At least 1 or 1.5 cm of the superior as well as the inferior margins of the duodenum must be thoroughly cleared of fat and blood vessels adjacent to the Potts vascular clamp in preparation for the angle sutures. This is especially important on the superior side in order to avoid a diverticulum-like extension from the superior surface of the duodenum with an inadequate blood supply for a safe anastomosis. After the duodenal stump has been well prepared for anastomosis, the end that has been closed with the Potts clamp is covered with a moist, sterile gauze while the site of resection of the stomach is decided upon (Figure 4).
In many instances, especially in the obese patient, it is advisable to further mobilize the stomach by dividing the thickened, lowermost portion of the gastrosplenic ligament without dividing the left gastroepiploic vessels. Considerable mobilization of the greater curvature of the stomach without traction on the spleen can be obtained if time is taken to divide carefully the extra heavy layer of adipose tissue that is commonly present in this area. Following this further mobilization of the greater curvature, a point is selected where the left gastroepiploic vessel appears to come nearer the gastric wall. This is the point in the greater curvature selected for the anastomosis, and the omentum is divided up to this point with freeing of the serosa of fat and vessels for the distance of the surgeon's finger (Figure 4). Traction sutures are applied to mark the proposed site of anastomosis. A site on the lesser curvature is selected just distal to the third prominent vein on the lesser curvature (Figure 1). Again, two traction sutures are applied, separated by the width of the surgeon's finger. This distance of about a centimeter on both curvatures assures a good serosal surface for closure of the angles.
It makes little difference how the stomach is divided, although there is some advantage to using a linear stapling instrument.
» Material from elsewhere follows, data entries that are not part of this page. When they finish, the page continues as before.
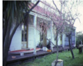
1 woodcot park tannery road tarraville front view oct1984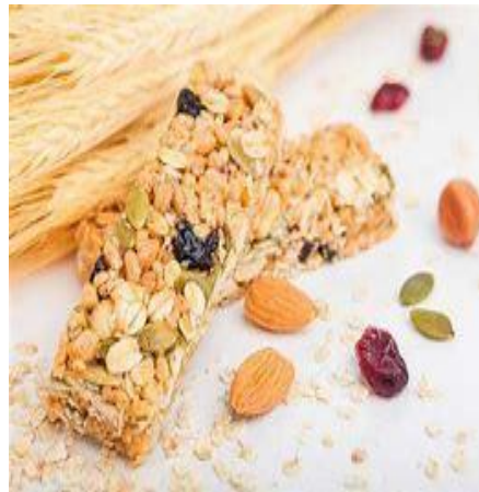
Fig. 6. Sorghum energy bars

Sorghum flakes and broken flakes add energy bars. Bran is carefully pulverised and dried to remove moisture. Honey syrup was added to bind and sweeten bran and flakes. It provides clean energy (Fig. 6).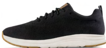
Mosi RB9X Black I54001-0A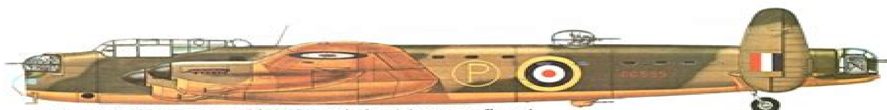
Second Prototype Lancaster, DG595, in standard prototype camouflage at Boscombe Down. Note ventral turret fitting.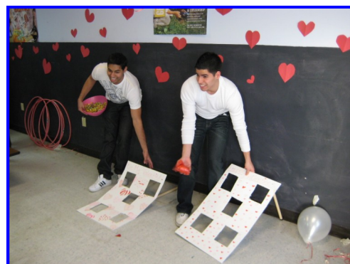
Playing games at the Boys & Girls Club Party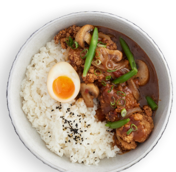
Black pepper mushroom chicken 鐵板黑椒蘑菇炸雞 $ 14.00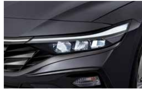
Full LED Headlamps (MFR type)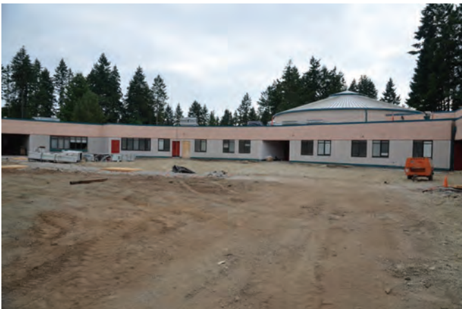
Courtyard area, covered walkway structure removed, amphitheater filled, old asphalt removed prior to reconstruction.

At left, new Admin/Counseling areas have been expanded into the original rotunda; wall-framing nearly complete.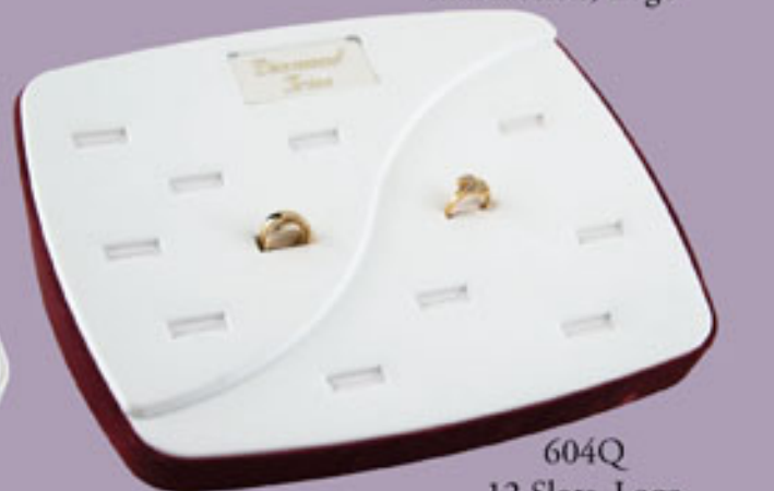
604Q 12 Slots, Logo Shown in Claret Shadow frame and White top pad

Regardless of the crushing clamp that is to be applied, the curvatures of the stomach should be fixed by the application of Babcock forceps to prevent rotation of the tissues when the clamp is closed. Before the stomach is divided, a row of interrupted 0000 silk sutures may be placed almost through the entire gastric wall in order to (1) control the bleeding from the subsequent cut surface of the gastric wall, (2) fix the mucosa to the seromuscular coat, and (3) pucker and constrict the end of the stomach (Figure 5).